He was arrested on lesser charge for a different crime, and held while the police and the district attorney built a murder case against him. But then nine months later, something happened that changed the direction of the case. Two sisters, 15 year-old Kristin and 12 year-old Kati Lisk, disappeared from their front yard in Spotsylvania after school on May 1st, 1997. The sisters lived less than 10 miles away from Sofia Sylva. Their bodies were found five days later in a creek about 40 miles away from their home. They both had been sexually assaulted and strangled to death.

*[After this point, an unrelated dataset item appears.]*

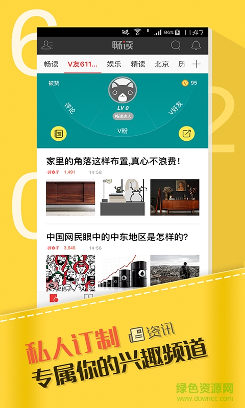 通过畅读可以订阅新闻、娱乐、时尚、财经、汽车、美女、搞笑、科技、体育、军事等多种多样的兴趣,并根据用户的阅读行为推荐最新最热的内容,精彩文章看不完。

Investigators immediately noticed similarities between the murders of the Lisk sisters and Sofia Silva Notably, all three young women went missing from their front yards in broad daylight.

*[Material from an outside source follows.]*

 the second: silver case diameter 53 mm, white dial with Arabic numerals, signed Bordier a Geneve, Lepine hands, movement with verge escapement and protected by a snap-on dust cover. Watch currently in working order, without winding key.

All three have been sexually assaulted, strangled, dumped in shallow bodies of water, and blue fibers were found on their bodies. Male DNA was also found on Sophia and the sisters. The DNA was compared and it was a match, proving that the same man killed all three girls. Since Sofia's neighbor was sitting in prison when the sisters were kidnapped and killed, he couldn't have been the killer. It turned out that the blue fibers didn't come from his van. The forensic expert who examined the fibers had developed tunnel vision and lied about the results. After the DNA was tested, the neighbour was released from prison.

The forensic expert who lied about the results ended up losing her job. The murders terrified the citizens of Spotsylvania County. Who strangled to death the three young women and would he strike again? A few uneasy years went by in Spotsylvania and no other young women were kidnapped, but the killer hadn't been identified, either, and he could have been walking the streets. Then in 2005 there was another kidnapping. But this one wasn't in Spotsylvania. This one happened over 400 miles away in Columbia, South Carolina. 15 year-old Kara Robinson was inside of a friend's home watering flowers when she vanished. There were no witnesses. It was just like she vanished into thin air. Her family and friends feared the worst. But 18 hours later, Robinson walked into a police station, wearing shackles.

She told an officer that a man in his late 30's pulled up to her as she was watering the flowers outside of her friend's home. He got out of his car, walked up to her, and asked her if she wanted to buy any magazines. Kara said no, and instead of leaving the man pulled out a gun. He ordered Kara to get into a Rubbermaid container in the trunk of his car. After securing her in the Rubbermaid container, the man drove away. When the car stopped and turned off, he picked up the Rubbermaid container that contained Kara and carried her into his apartment. He kept her captive for the next 18 hours. He sexually assaulted her repeatedly, and he did sadistic things like make her watch news coverage of her own disappearance.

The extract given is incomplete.